Uses weight-sharing CNN twins with contrastive loss to decide whether two samples came from the same writer; ~85% verification accuracy adds a dedicated security layer.

Multi-Task Learning

Shared convolutional and recurrent layers learn both tasks simultaneously:

  1. CTC-based handwriting recognition.
  2. Style-driven writer classification.

This shared feature bank yields richer representations, better training efficiency, and workflows that mirror real forensic pipelines.

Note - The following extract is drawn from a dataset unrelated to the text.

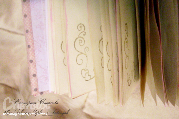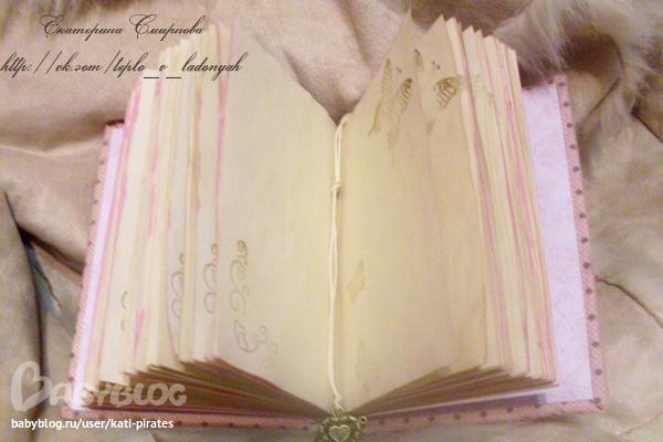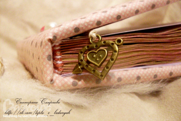 Формат А6. Обложка мягкая, сверху обтянута хлопком. Внутри 100 состаренных и проштампованных листочков. Классический коптский переплет, сплетенный двухцветный каптал. На переднем форзаце маленький кармашек для важностей. Закладка - вощеный шнур с подвеской) Срез тонирован розовыми чернилами)

Optimization & Training Stability

The CRNN variants were run through staged learning-rate windows until convergence. Loss curves stayed smooth thanks to gradient clipping and CTC stabilization:

Training history for first three experiments
Figure 5. Training history for CNN, CRNN, and CRNN+SVM experiments highlighting smooth convergence.
Training history for final experiments
Figure 6. Training history for CRNN+XGBoost and Siamese verification runs.

Performance Summary

ModelAccuracyNotes
CNN77.70%Strong spatial learner, limited temporal modeling
CRNN88.69%Excellent sequence modeling
CNN + SVM87.46%Deep features plus classical boundary
CRNN + SVM89.96%Temporal features with SVM synergy
CRNN + XGBoost90.32%Best overall performance
Siamese (verification)85.35%Binary scoring for writer verification

Each experiment ships with confusion matrices, per-writer metrics, and probability distribution charts.

CNN accuracy per writer
Figure 7. Accuracy distribution by writer for the CNN baseline.
CRNN accuracy per writer
Figure 8. Accuracy distribution by writer for the CRNN model.
Overall comparison between architectures
Figure 9. Side-by-side benchmark summary that guided the decision to ship the CRNN + XGBoost stack for production writer identification.

Strengths

  • Comprehensive comparison of multiple architectures in a single pipeline.
  • Fair evaluation via a balanced IAM subset.
  • Strong hybrid performance from CRNN + XGBoost and CRNN + SVM.
  • Siamese verification layer primes the system for biometric deployments.
  • Visualizations and reporting tailored for forensic stakeholders (examples above).

Key Contributions

  • Trained and compared six models (CNN, CRNN, hybrids, Siamese) under one infrastructure with uniform logging.
  • Introduced a writer-ID approach that feeds CRNN features into XGBoost.
  • Demonstrated dual-task learning where transcription and author ID share the same network.
  • Published the balanced IAM subset pipeline for reproducibility.

Applications

  • Forensic document reviews and signature/check verification.
  • Biometric identity authentication systems.
  • Archive automation and historical handwriting analytics.
  • Intelligent handwriting analysis for banking or contract control.

Conclusion

The CRNN + XGBoost combo proves how deep sequential learning and ensemble decisions reinforce each other, while the Siamese verifier supplies the identity-check layer production systems expect. Overall the pipeline offers both scientific rigor and field readiness for handwriting-based biometrics.

Summary

I built an end-to-end AI pipeline that transcribes IAM handwriting with CTC while learning writer identity, elevates CRNN + XGBoost to peak accuracy, and layers on Siamese verification for additional security.